**PROBLEM REQUIREMENTS:**
Pictures are to be skipped. Retype exactly the lines from the top of the material through the one with "솔리드 컬러 코튼 니트", and only those.
──────── EXERCISE MATERIALS ────────
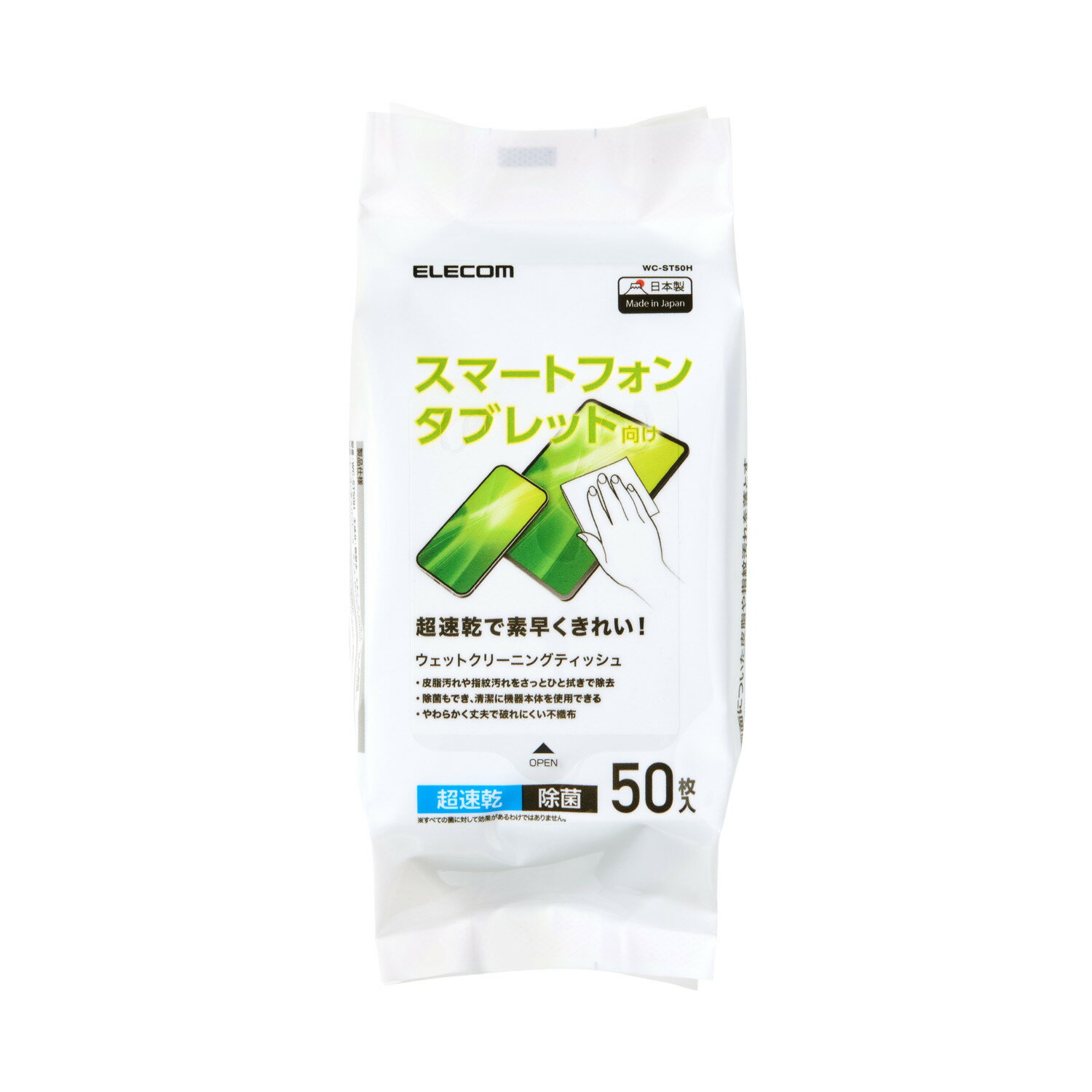 セール期間中ポイントUP![ELECOM]ウェットティッシュ クリーナー 50枚入り 除菌 アルコール 超速乾 【 スマホ タブレット 画面 等対応 】 WC-ST50H/WCST50H
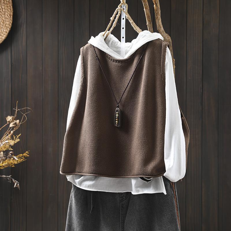 솔리드 컬러 코튼 니트 조끼 여성용 라운드 넥 풀오버 루즈 대형 봄 뉴 레트로 캐주얼 다목적 레이어드 조끼
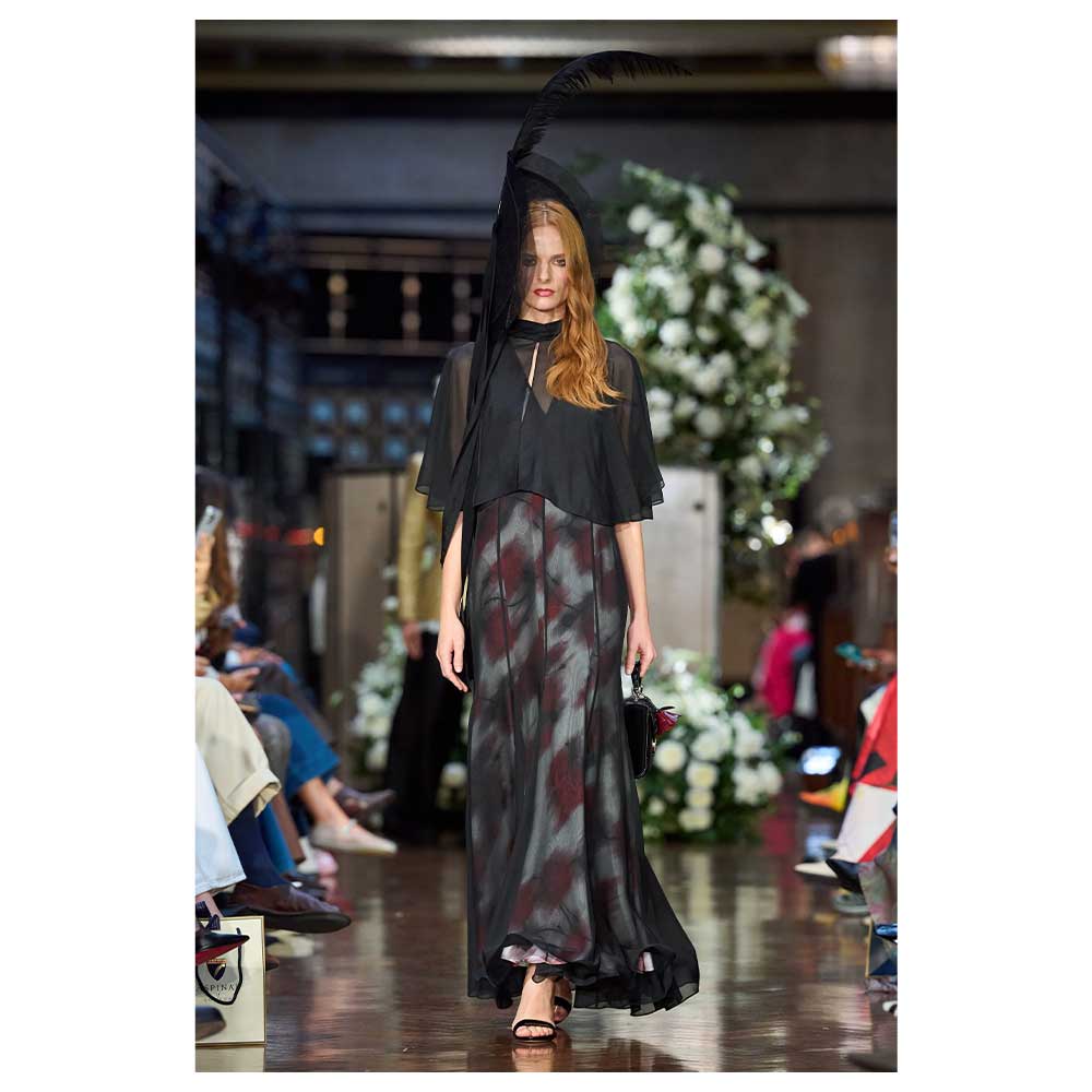 The collection was in tribute to McDowell’s late grandmother who first taught him how to sew. Titled Lancashire Rose, many dresses came adorned in a fuzzy floral motif, like a snapshot of a meadow caught in motion. Every piece that took to the catwalk will be fully traceable thanks to a Certilogo digital passport (in tribute to his grandmother, McDowell produced a replica of her passport from 1923 for guests to take home).
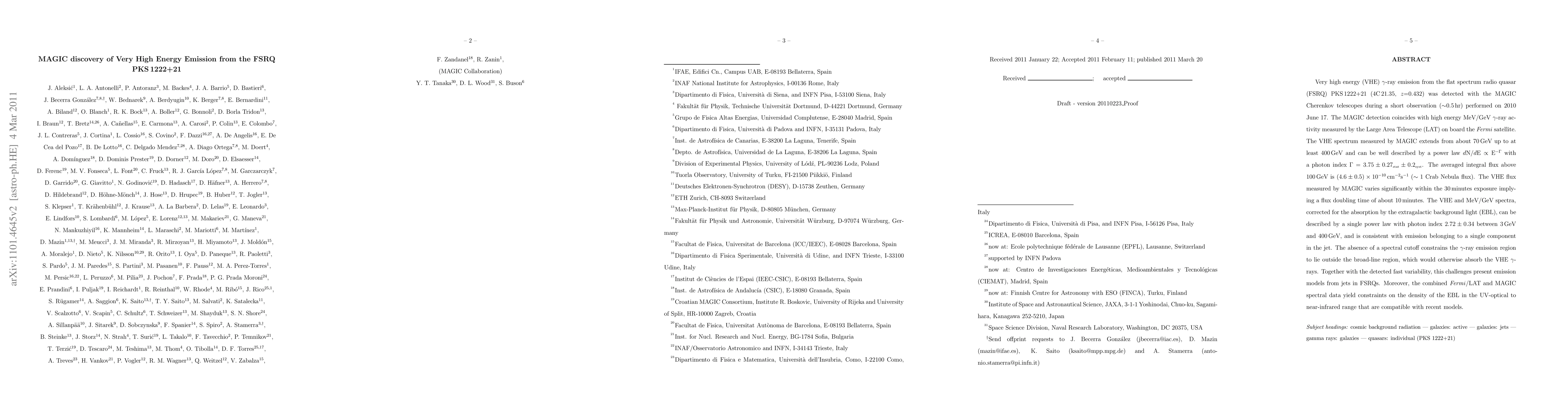 The MAGIC telescopes detected VHE gamma-ray emission from the FSRQ PKS 1222+21, coinciding with high energy MeV/GeV gamma-ray activity from the Fermi satellite. The VHE spectrum extends from 70 GeV to at least 400 GeV, suggesting fast variability and challenging current emission models for FSRQ jets.
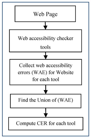 In this section, a framework for comparing the performance of web accessibility tools is proposed. It relies on collecting accessibility errors using a number of tools. In this study, a web accessibility error denotes a contradiction that may violate one or more WCAG 2.0 criteria. Let us assume that there are a number of tools to measure web accessibility for a given webpage. Therefore, with respect to various accessibility tools, it can be said that a specific tool is considered the one that performs the best if it has the ability to detect more web accessibility errors accurately. To achieve this, a coverage error ratio (CER) metric is proposed to be computed for each tool and a given webpage. The performance of web accessibility tools can be measured by computing a CER score for each tool. By comparing the attained CER scores for tools, the tool with the highest CER score can be considered the one with the best performance.
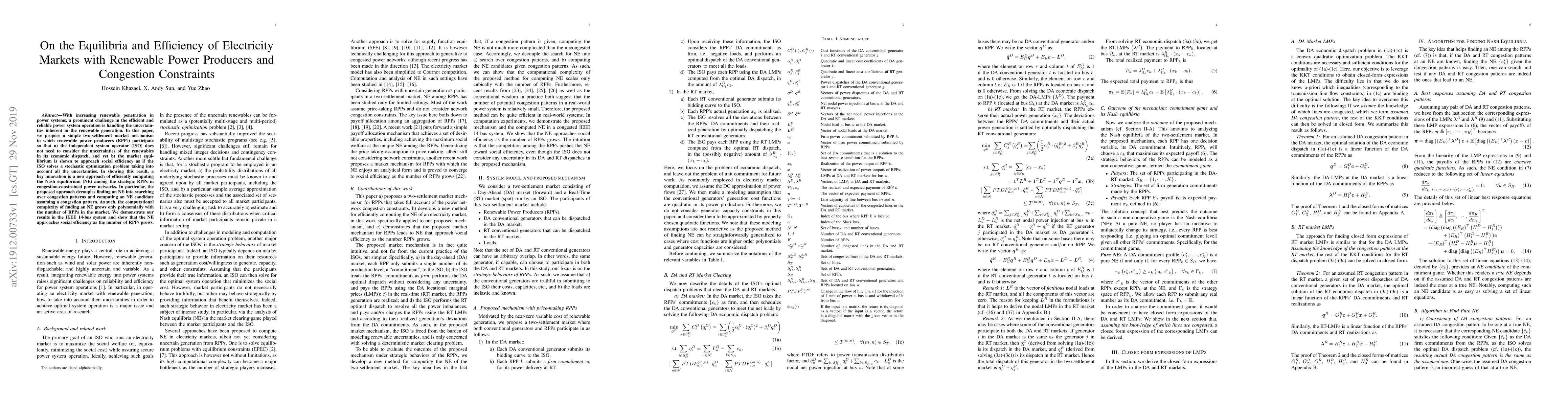 This paper proposes a two-settlement market mechanism for renewable power producers that simplifies the independent system operator's economic dispatch by decoupling uncertainties. The approach efficiently computes Nash equilibrium in congestion-constrained networks, demonstrating social efficiency in the IEEE 14-bus system.
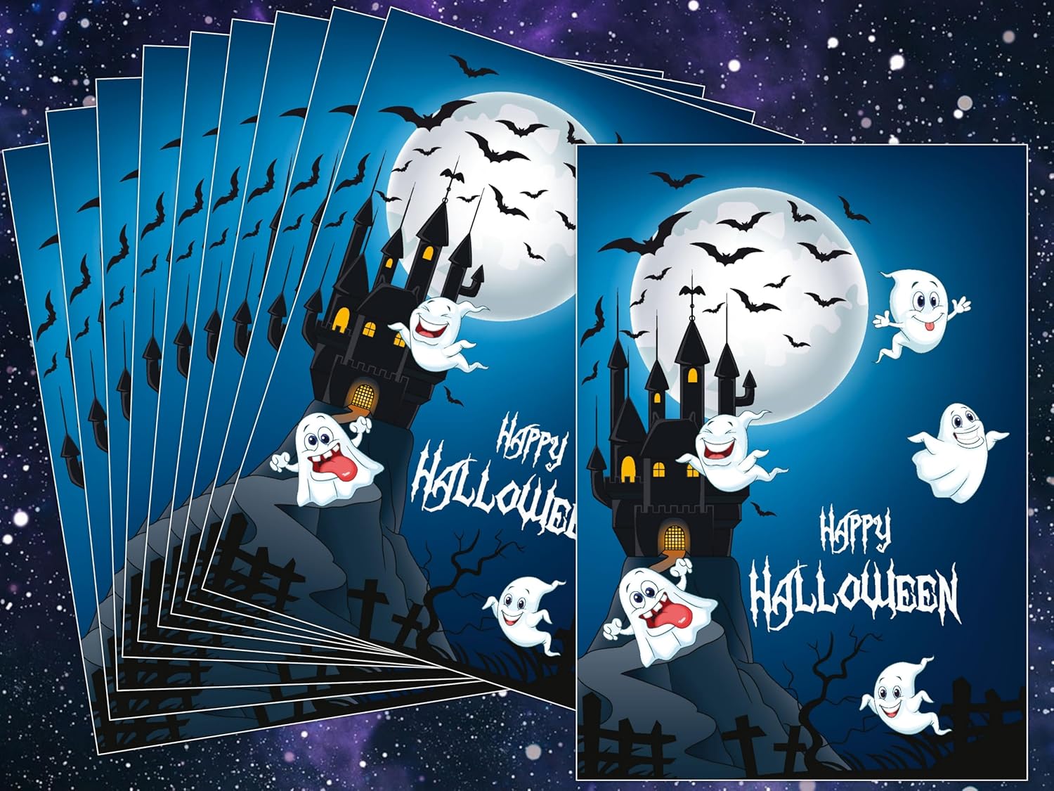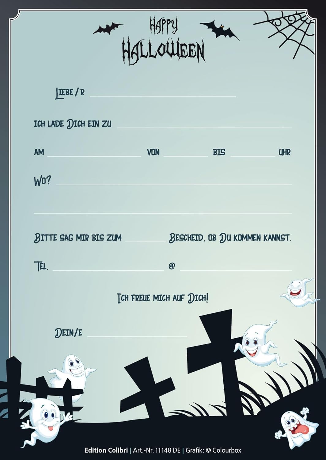 Invito ideale: invita a una festa di Halloween! Con questo bellissimo e amichevole invito a fantasmi, anche i bambini dell'asilo e dei bambini della scuola elementare (ragazzi e ragazze) possono invitare alla festa di Halloween. Biglietti d'invito per bambini di Halloween, 3,4,5,6,7,8 anni Unici: questi biglietti d'invito fantasma sono l'accessorio ideale per feste o decorazioni perfette per una festa spaventosa. Possono essere facilmente distribuiti a scuola o in associazione come pensierino o inviati per posta. Il formato è DIN A6 (14,8 x 10,5 cm) Qualità speciale: i nostri biglietti d'invito sono realizzati in Germania (prodotti in Germania) e sono realizzati in cartone resistente. Le cartoline sono rifinite con una vernice UV di alta qualità e brillano in modo bello e di alta qualità. Facile da compilare: grazie al pratico formulario è facile compilare i campi vuoti. Il retro opaco può essere scritto con le penne comuni, un ricordo indimenticabile per ogni amico, vicino, colleghi o adolescenti. Buona fatto/sostenibilità: i biglietti sono ordinati e confezionati a mano dai laboratori di formato per disabili, in Germania. La produzione è rispettosa del clima. Inoltre, piantiamo oltre diecimila alberi ogni anno.
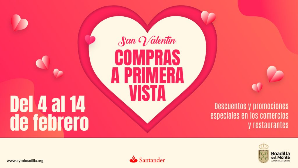 Entre los días 4 y 14 de febrero, 67 comercios, restaurantes y empresas de servicios de Boadilla ofrecerán descuentos y promociones, dentro de la campaña que el Ayuntamiento ha impulsado por el día de San Valentín, “Compras a primera vista”.
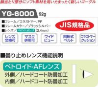 新開発のYG-6000のフレームは顔当たり部分に柔らかいエラストマー素材を用い、レンズ側のPP素材と最新の技術で融合しています。
────────
**SOLVED EXERCISE:**
 セール期間中ポイントUP![ELECOM]ウェットティッシュ クリーナー 50枚入り 除菌 アルコール 超速乾 【 スマホ タブレット 画面 等対応 】 WC-ST50H/WCST50H
 솔리드 컬러 코튼 니트 조끼 여성용 라운드 넥 풀오버 루즈 대형 봄 뉴 레트로 캐주얼 다목적 레이어드 조끼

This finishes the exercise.